Even though I have a MFA in Creative Writing, I am still a hack who can't spell or type.
So my spin on my free expression is that as a person of color it is oppressive for a non person of color to correct my grammar, pronunciation, or other forms of butchering communications.
I deem it is part of my culture to have my own way/form of expression and that in fact it is my duty to innovate language and create slang as a minority.
I then bring up Jazz, Hip-Hop, the blues...
Then I tell her, "Don't oppress me."
Boy am I annoying. LOL.
Interesting to note how much American culture is adopted and co-opted from the fringe. In slave culture the blues were outlawed; Hip-Hop was born in the Bronx; and Jazz well is Jazz.
BTW when I got my MFA in Creative Writing no one understood my writing. I got mucho rejections...
But two events made me put my writing on the side: one was I sent a story to the Hudson Review. I was deeply annoyed because a lot of time had eclipsed/lapsed and not even a rejection letter. I was pretty angry and was ready to write a nasty letter when finally I got a response.
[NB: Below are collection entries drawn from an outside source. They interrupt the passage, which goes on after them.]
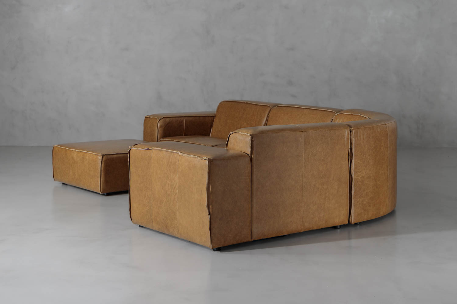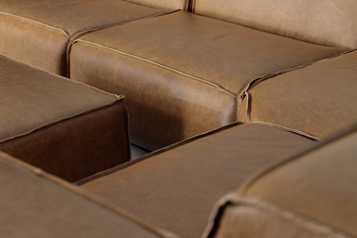 This Jagger Modular is a corner couch with independent moveable modules for various spacious seating configurations. Simply slide each piece into place and clip the attachment mechanism underneath the couch. This modular couch features an ottoman which matches the design of the couch. The Jagger presents a stylish homesteading staple with a raw untainted look. This is achieved by pairing the iconic reversed seam stitching with genuine full grain leather.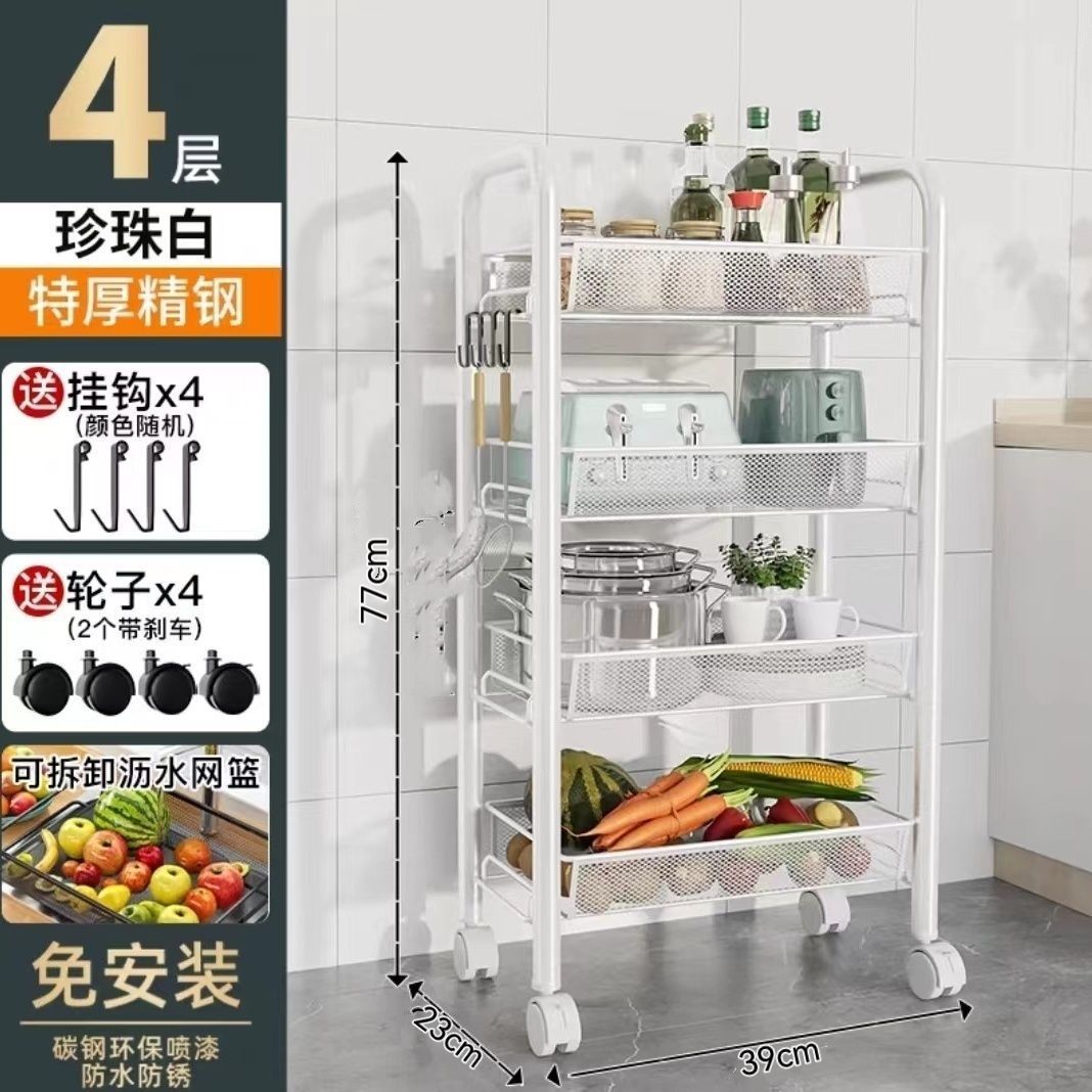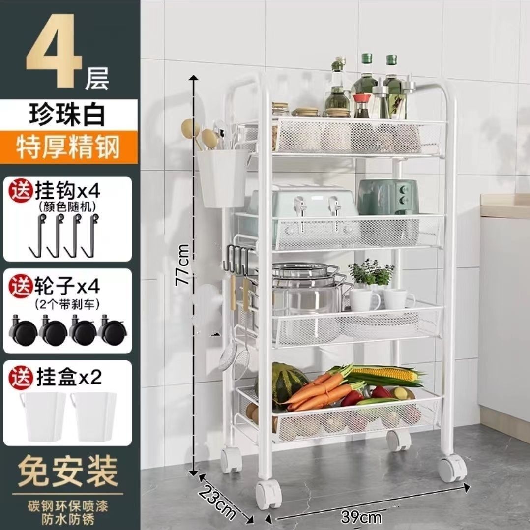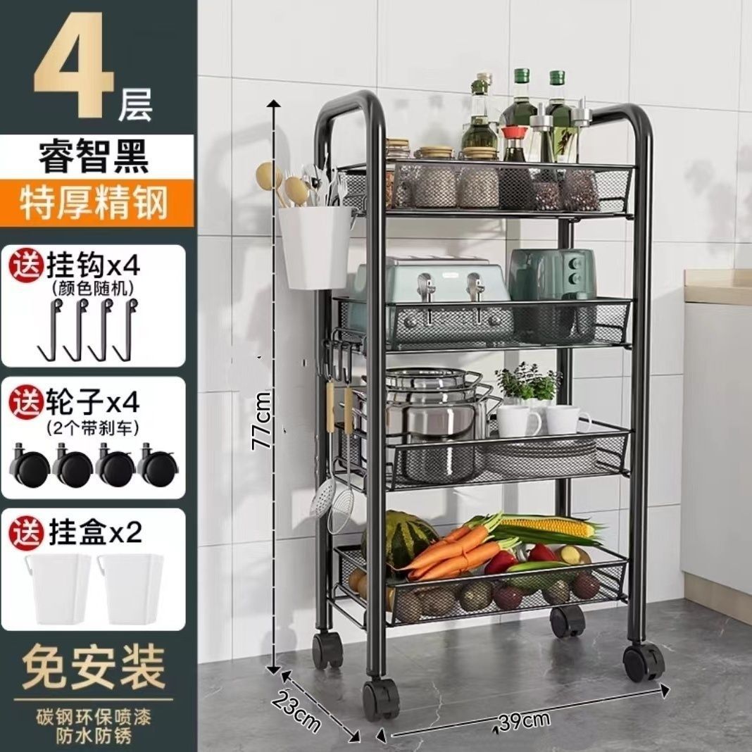 주방 보관 선반 바닥 다층 가정용 전자 레인지 선반 야채 저장 랙 오븐 랙 오븐 저장 랙 휠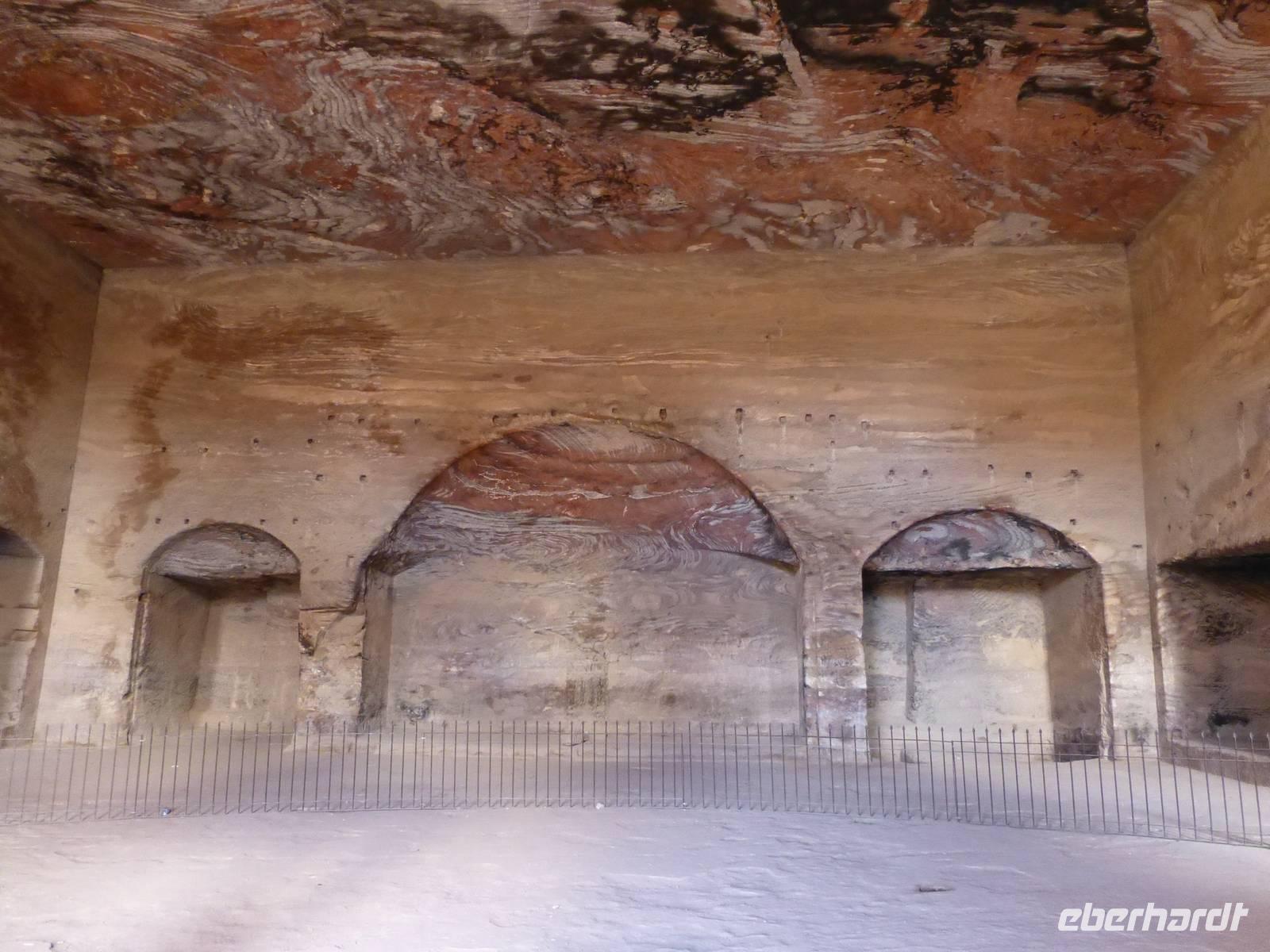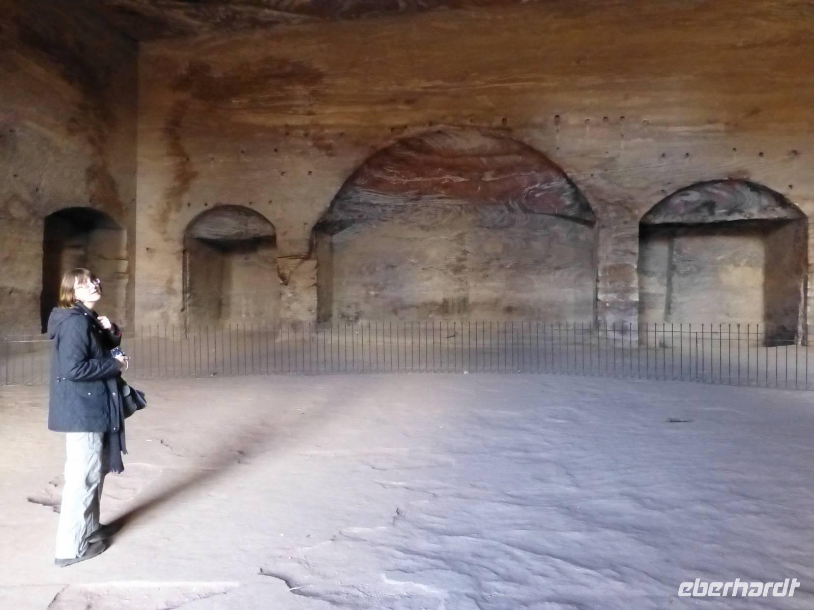 Nach dem Frühstück war es dann endlich soweit, wir besuchen eines der sieben neuen Weltwunder, Petra. Der Name Petra kommt von Petrus und bedeutet Felsen. Vom Visitor Center laufen wir bis zum Eingang des Sik, dabei kommen wir, sozusagen zur Einstimmung, an drei Blockgräbern vorbei. Die Nabatäer lebten ab dem 4. Jh. v. Chr. in dieser Gegend. Ursprünglich waren sie ein Nomadenvolk, entwickelten sich im Laufe der Zeit aber zu wichtigen Händlern von Luxusgütern auf der Weihrauchstraße. Zugleich waren sie auch hervorragende Wasserbauingenieure. Das letzte Mal hörte man von den Nabatäern im Jahre 328, wie eine aramäische Inschrift belegt. Danach verliert sich ihre Spur im Dunkeln, es wird angenommen, dass sie von den Römern assimiliert wurden. Wiederentdeckt wurde der Ort erst zu Beginn des 19. Jh. unter kuriosen Umständen durch den Schweizer Orientalisten Johann Ludwig Burckardt. Aber nun geht es endlich durch den Sik, einer Art Canyon, 1,2 km lang, an der schmalsten Stelle nur 2 m breit. Die bizarren Sandsteinformationen in ihren unterschiedlichen Farbtönen sind ein faszinierendes Erlebnis. Dann ist es soweit und der Ausgang des Sik ist erreicht. Jetzt machen wir alle das berühmteste Foto von Jordanien, wir fotografieren das Schatzhaus. Die Beduinen nannten es das Schatzhaus des Pharaos, da sie vermuteten, dass in der Urne an der Spitze des Bauwerks der Schatz des Pharaos ist. Aber eigentlich handelt es sich bei diesen aus dem Fels gehauenen Bauwerks um ein Grab. Alle Monumente sind übrigens von oben nach unten entstanden, denn hätte man unten angefangen wären durch herabstürzende Steine schon fertig gestellte Teile wieder beschädigt wurden. Nachdem wir das Schatzhaus ausreichend bestaunt und fotografiert haben laufen wir weiter und besichtigen weitere Gräber. Unterwegs legen wir eine Teepause ein, es gibt schwarzen Tee mit Pfefferminzblättern, das erfrischt. Unser weg führt uns jetzt zum großen Tempel, dessen Restaurierung erst vor kurzem fertiggestellt wurde. Von der byzantinischen Kirche haben einen schönen Blick auf den Großen Tempel. Vor uns sehen wir schon die Königswand, mit dem Urnengrab, dem Seidengrab, dem Korinthischen Grab und dem Palastgrab. Die Schönheit der nabatäischen Kultur beeindruckt und überwältigt. Jetzt haben wir uns eine Mittagspause verdient, jeder kann nach seinen Wünschen etwas trinken oder essen. Die nabatäische Baukunst ist besonders gut daran zu erkennen, dass die Säulen nur halbrund und die Kapitelle als Nasenkapitelle gestaltet sind. Die Nabatäer konnten zu diesem Zeitpunkt noch keine Verzierungen an den Kapitellen herstellen. Den Rückweg zum Visitor Center kann jeder in seinem Tempo gestalten.Wir treffen uns alle am Ausgang wieder und fahren mit dem Bus zurück zum Hotel. Morgen werden wir noch einmal die Felsenstadt besuchen können.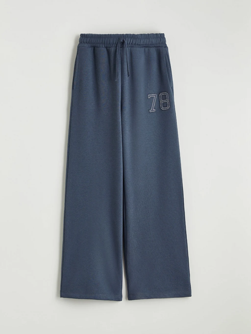Geniş paçalı kız çocuk eşofman altı, beli lastikli ve ayarlanabilir iplidir. Yan cepli modelin paçasında rakam detayı bulunur.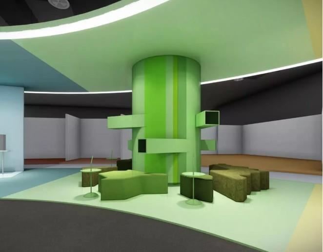 “公共”既属于“人民”,公共空间需要呈现一种包罗万象又井然有序的沟通环境。冷色系的蓝调色彩沉静笃定,能够弱化公共环境的中不同个体的情感需求,营造一种充满秩序感,令人沉静内省的氛围。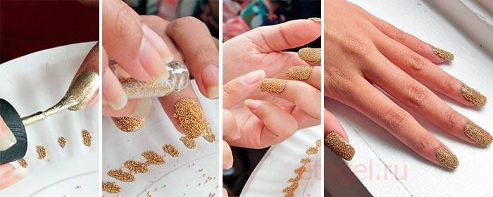 Бульонки выкладываются на свежий лак, гель или незастывший акрил слегка влажной апельсиновой палочкой, хаотично или в любом выбранном вами узоре. Бусинками хорошо создавать границу какого-либо рисунка. После того, как вы выложили бульонки на поверхность ногтя, дайте лаку высонуть, чтобы бусины прочно зафиксировались, а затем покройте финишным покрытием.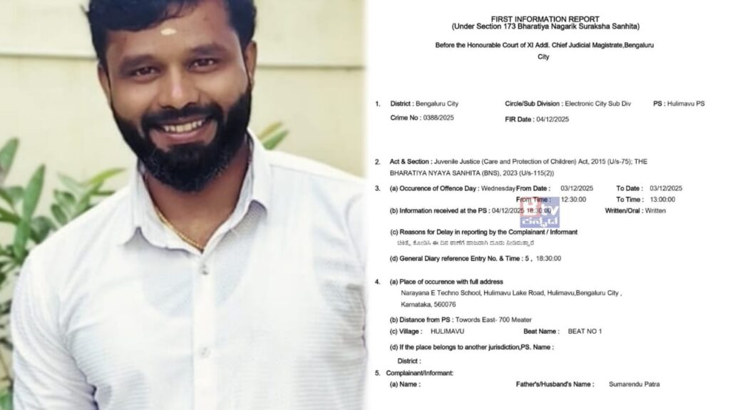 ಬೆಂಗಳೂರು : ಏಳನೇ ತರಗತಿ ಬಾಲಕನ ಮೇಲೆ ಹಲ್ಲೆ ಮಾಡಿದ ಆರೋಪದಡಿ ಬೆಂಗಳೂರಿನ ನಾರಾಯಣ ಇ-ಸ್ಕೂಲ್ನ ಪಿಟಿ ಶಿಕ್ಷಕ ರಾಜೇಶ್ ವಿರುದ್ಧ FIR ದಾಖಲಾಗಿದೆ.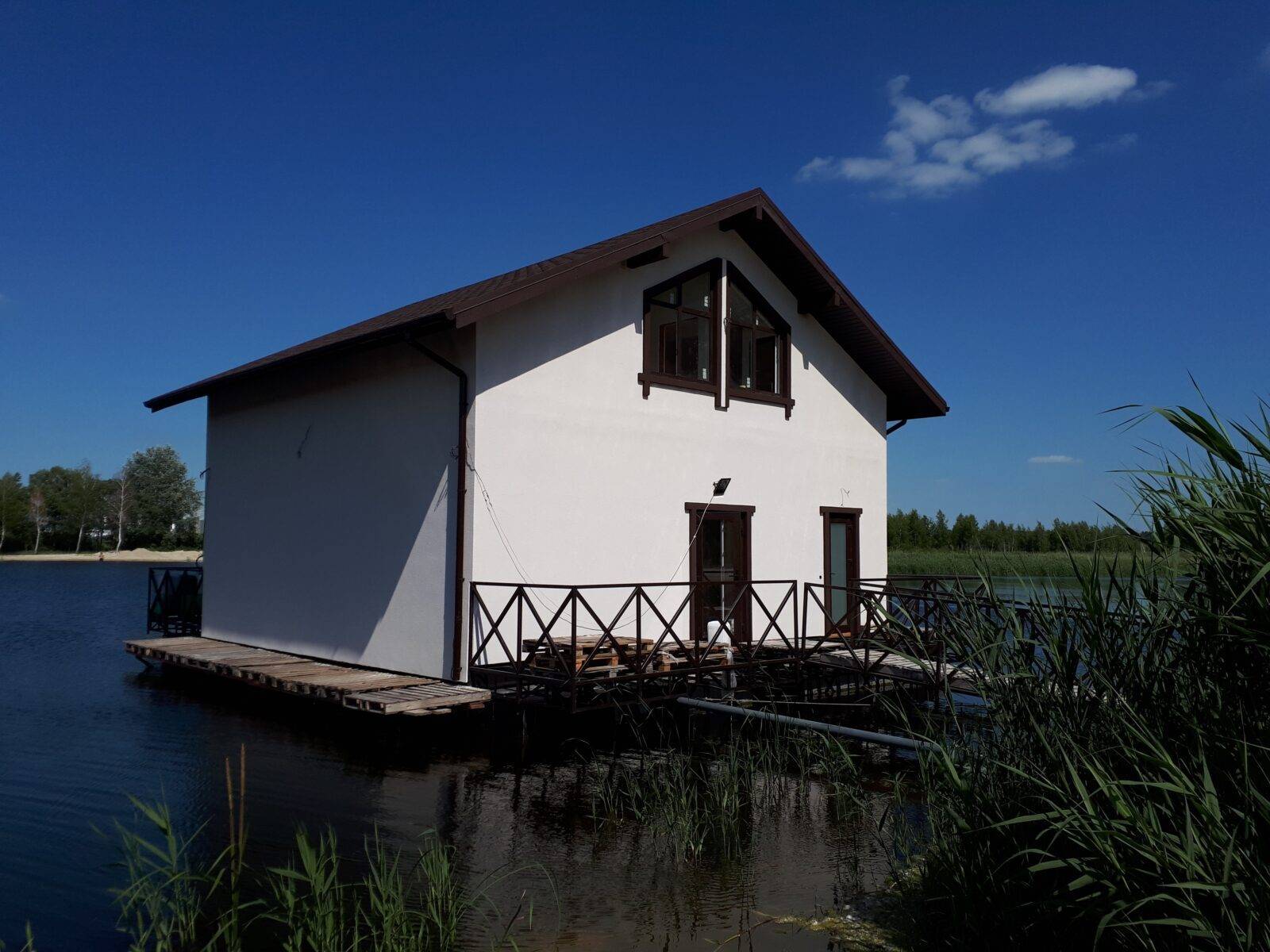 Цей ексклюзивний проект реалізований компанією ЕКОПАН в Київській обл. Про будинок біля озера не мріяла хіба що людина, геть позбавлена фантазії. Але вдома на воді – інша справа. Зробити такий вибір може тільки людина непересічна. Такому будинку потрібно відповідати: бути трохи бунтівником, натурою тонкою і творчою, незалежно від того, чим ви в житті займаєтеся.

Paula Deitz the Editor of the Hudson Review like my story, wanted to publish it, and passed it onto the review board.
So getting published in The Hudson Review can change your life. Publishers and agents will track you down, so basically you can become an insider within a "Gated" industry.
So rapture happened and I see that I likely am going to have a life altering event, but then the review board rejected my story in the end. This is "Gate-Keeping" at its best. In the end work from the fringe gets filtered out.
Another writing opportunity was with the Breadloaf Writers' Conference in Vermont. I submitted a story and got notified I was put on the "shortlist," meaning if someone who got accepted cancelled I would be able to attend.
Being able to attend Breadloaf would mean two weeks of being courted and groomed by editors, publishers and agents where you would be meeting, socializing, and eating with all the power brokers.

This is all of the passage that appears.